▶ WORK INSTRUCTIONS
Among the entries below, one stretch runs from the line that contains "瑞旭集團將于2025年11月" through the line that contains "京劇老師為大陸青年化妝。(中國臺(tái)灣網(wǎng) 趙苗青 攝)". Repeat that stretch exactly, ends included, and only that.

▶ EXTRACTED RECORDS
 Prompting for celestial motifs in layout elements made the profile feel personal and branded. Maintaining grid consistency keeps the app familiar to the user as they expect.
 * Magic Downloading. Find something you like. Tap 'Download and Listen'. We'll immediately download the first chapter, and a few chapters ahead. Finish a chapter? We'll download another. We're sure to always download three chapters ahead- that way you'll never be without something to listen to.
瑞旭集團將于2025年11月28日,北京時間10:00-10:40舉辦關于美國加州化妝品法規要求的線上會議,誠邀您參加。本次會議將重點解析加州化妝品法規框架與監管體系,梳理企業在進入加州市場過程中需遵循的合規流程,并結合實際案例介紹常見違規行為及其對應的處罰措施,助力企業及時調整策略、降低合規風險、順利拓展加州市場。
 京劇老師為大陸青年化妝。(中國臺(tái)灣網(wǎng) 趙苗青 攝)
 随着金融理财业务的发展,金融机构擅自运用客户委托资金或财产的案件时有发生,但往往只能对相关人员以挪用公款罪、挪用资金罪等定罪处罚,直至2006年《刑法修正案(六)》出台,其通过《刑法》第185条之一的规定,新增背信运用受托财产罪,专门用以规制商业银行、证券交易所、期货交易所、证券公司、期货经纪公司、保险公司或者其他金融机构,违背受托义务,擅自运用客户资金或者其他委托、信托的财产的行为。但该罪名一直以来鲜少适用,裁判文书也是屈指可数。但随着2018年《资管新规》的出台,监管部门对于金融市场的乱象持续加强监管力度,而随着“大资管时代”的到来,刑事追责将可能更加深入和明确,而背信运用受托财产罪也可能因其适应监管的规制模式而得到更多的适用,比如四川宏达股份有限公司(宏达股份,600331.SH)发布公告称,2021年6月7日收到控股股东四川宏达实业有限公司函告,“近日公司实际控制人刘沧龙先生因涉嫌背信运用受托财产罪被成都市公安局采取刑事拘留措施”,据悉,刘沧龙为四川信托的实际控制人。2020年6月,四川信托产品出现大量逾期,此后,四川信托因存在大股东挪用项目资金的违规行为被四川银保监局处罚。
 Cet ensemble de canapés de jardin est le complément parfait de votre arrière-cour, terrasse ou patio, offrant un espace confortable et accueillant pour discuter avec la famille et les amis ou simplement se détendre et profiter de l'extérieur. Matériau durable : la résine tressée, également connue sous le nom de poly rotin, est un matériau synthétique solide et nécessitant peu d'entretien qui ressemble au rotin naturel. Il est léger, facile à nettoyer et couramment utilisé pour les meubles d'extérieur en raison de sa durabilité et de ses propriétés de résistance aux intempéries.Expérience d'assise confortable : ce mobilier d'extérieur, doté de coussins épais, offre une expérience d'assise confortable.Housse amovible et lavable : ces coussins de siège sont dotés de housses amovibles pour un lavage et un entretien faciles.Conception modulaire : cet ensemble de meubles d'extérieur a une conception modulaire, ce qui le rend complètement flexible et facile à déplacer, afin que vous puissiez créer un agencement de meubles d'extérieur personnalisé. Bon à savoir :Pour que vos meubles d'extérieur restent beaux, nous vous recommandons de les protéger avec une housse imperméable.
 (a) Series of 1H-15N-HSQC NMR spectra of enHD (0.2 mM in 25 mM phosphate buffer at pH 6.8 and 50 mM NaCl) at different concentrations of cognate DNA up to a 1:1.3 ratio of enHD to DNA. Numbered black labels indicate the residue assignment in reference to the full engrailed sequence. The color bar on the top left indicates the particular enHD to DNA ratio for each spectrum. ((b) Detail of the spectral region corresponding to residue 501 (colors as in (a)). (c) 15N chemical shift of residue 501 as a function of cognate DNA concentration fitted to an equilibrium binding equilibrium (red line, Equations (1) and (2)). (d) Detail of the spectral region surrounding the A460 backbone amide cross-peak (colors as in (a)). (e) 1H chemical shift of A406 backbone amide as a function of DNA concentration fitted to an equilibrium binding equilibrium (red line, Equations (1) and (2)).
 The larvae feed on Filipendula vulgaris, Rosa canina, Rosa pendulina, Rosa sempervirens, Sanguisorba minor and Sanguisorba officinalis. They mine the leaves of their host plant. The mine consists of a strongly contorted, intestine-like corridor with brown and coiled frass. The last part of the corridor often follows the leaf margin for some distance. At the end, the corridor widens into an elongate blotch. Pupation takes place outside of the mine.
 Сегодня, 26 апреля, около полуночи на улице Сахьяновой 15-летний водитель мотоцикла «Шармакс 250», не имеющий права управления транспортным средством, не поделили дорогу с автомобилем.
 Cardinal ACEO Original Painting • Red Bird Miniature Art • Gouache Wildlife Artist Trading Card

▶ RESULT OF THE EXERCISE
瑞旭集團將于2025年11月28日,北京時間10:00-10:40舉辦關于美國加州化妝品法規要求的線上會議,誠邀您參加。本次會議將重點解析加州化妝品法規框架與監管體系,梳理企業在進入加州市場過程中需遵循的合規流程,并結合實際案例介紹常見違規行為及其對應的處罰措施,助力企業及時調整策略、降低合規風險、順利拓展加州市場。
 京劇老師為大陸青年化妝。(中國臺(tái)灣網(wǎng) 趙苗青 攝)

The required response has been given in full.